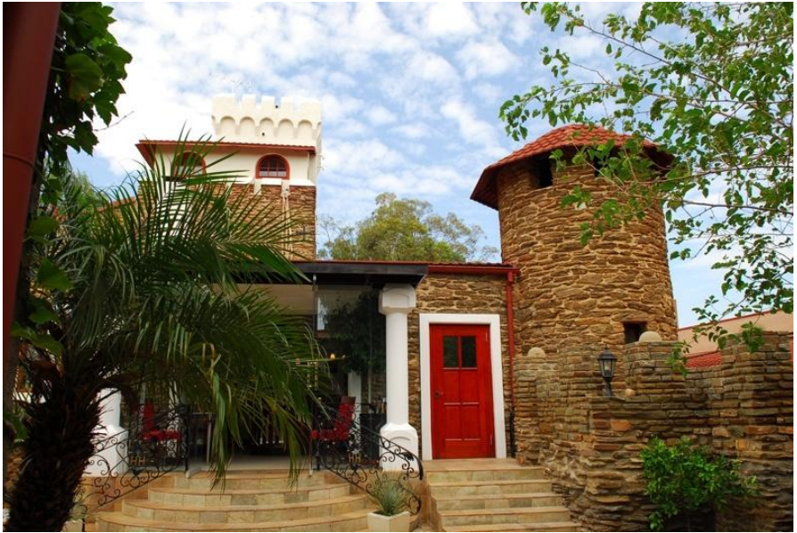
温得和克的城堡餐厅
= = = = =
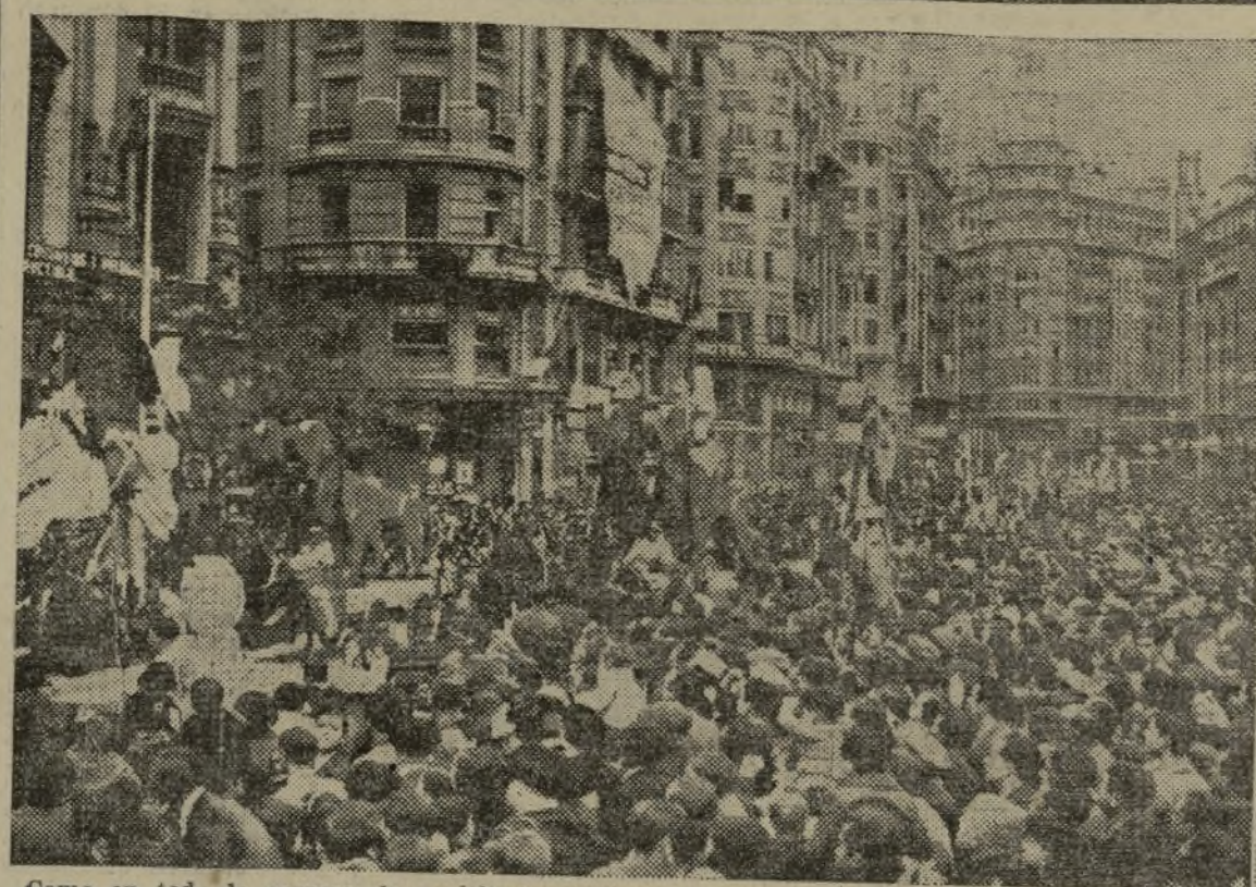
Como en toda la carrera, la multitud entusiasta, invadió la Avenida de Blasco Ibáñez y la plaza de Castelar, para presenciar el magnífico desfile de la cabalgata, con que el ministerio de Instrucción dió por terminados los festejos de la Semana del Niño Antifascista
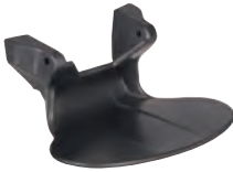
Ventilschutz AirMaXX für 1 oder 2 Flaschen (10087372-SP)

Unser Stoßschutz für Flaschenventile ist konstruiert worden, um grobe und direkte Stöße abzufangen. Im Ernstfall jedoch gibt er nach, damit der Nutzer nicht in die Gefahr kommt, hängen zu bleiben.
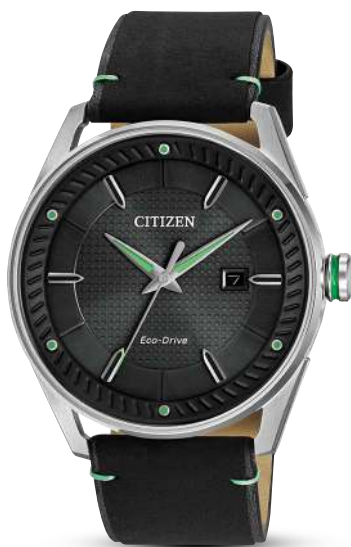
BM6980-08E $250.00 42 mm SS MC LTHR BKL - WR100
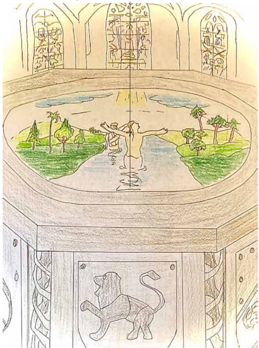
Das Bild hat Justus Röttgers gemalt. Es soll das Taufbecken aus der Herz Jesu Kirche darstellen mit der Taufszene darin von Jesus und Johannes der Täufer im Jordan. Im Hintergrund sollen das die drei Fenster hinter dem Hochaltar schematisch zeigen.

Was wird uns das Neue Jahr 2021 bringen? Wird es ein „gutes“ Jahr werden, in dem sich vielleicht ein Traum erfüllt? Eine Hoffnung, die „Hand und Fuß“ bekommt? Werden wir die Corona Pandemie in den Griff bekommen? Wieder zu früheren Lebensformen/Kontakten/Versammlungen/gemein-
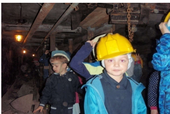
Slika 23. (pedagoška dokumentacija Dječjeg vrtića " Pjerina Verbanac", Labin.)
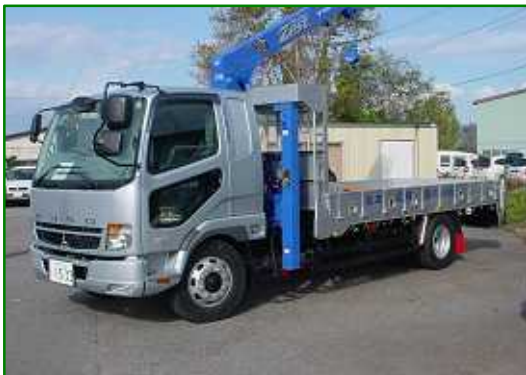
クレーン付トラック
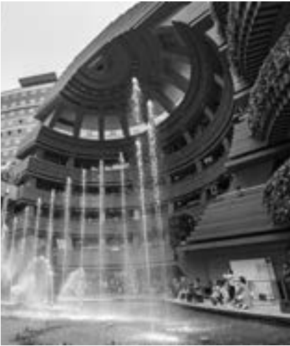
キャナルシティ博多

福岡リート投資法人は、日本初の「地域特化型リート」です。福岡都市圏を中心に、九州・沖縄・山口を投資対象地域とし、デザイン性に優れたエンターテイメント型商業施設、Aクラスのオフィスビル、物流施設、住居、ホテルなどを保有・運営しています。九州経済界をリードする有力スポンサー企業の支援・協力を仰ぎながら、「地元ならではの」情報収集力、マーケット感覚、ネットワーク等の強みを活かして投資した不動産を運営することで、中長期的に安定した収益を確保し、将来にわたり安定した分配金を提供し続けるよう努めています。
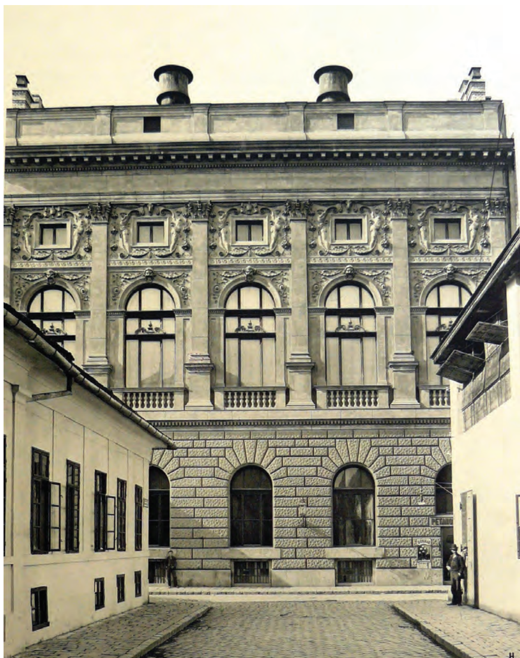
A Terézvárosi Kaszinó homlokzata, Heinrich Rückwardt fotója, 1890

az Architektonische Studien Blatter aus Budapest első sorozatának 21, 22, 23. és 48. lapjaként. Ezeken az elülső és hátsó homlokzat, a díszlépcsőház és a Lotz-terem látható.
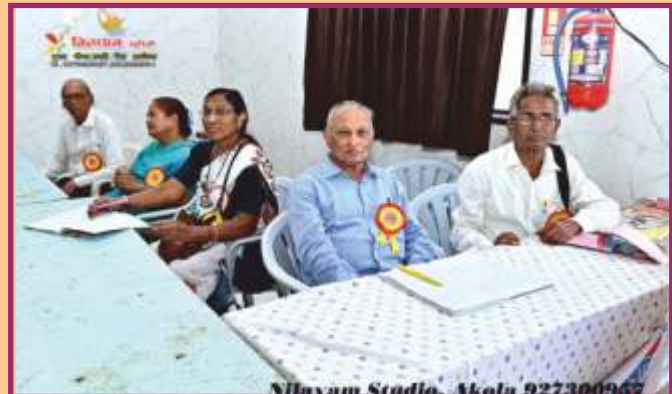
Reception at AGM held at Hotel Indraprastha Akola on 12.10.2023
= = = = =
About this task: Out of the records above, set down only the lines from the one that contains "Slika 23. (pedagoška" through the one that contains "Reception at AGM", unchanged and without the pictures.

Response to this exercise:
Slika 23. (pedagoška dokumentacija Dječjeg vrtića " Pjerina Verbanac", Labin.)
クレーン付トラック
キャナルシティ博多

福岡リート投資法人は、日本初の「地域特化型リート」です。福岡都市圏を中心に、九州・沖縄・山口を投資対象地域とし、デザイン性に優れたエンターテイメント型商業施設、Aクラスのオフィスビル、物流施設、住居、ホテルなどを保有・運営しています。九州経済界をリードする有力スポンサー企業の支援・協力を仰ぎながら、「地元ならではの」情報収集力、マーケット感覚、ネットワーク等の強みを活かして投資した不動産を運営することで、中長期的に安定した収益を確保し、将来にわたり安定した分配金を提供し続けるよう努めています。
A Terézvárosi Kaszinó homlokzata, Heinrich Rückwardt fotója, 1890

az Architektonische Studien Blatter aus Budapest első sorozatának 21, 22, 23. és 48. lapjaként. Ezeken az elülső és hátsó homlokzat, a díszlépcsőház és a Lotz-terem látható.
Reception at AGM held at Hotel Indraprastha Akola on 12.10.2023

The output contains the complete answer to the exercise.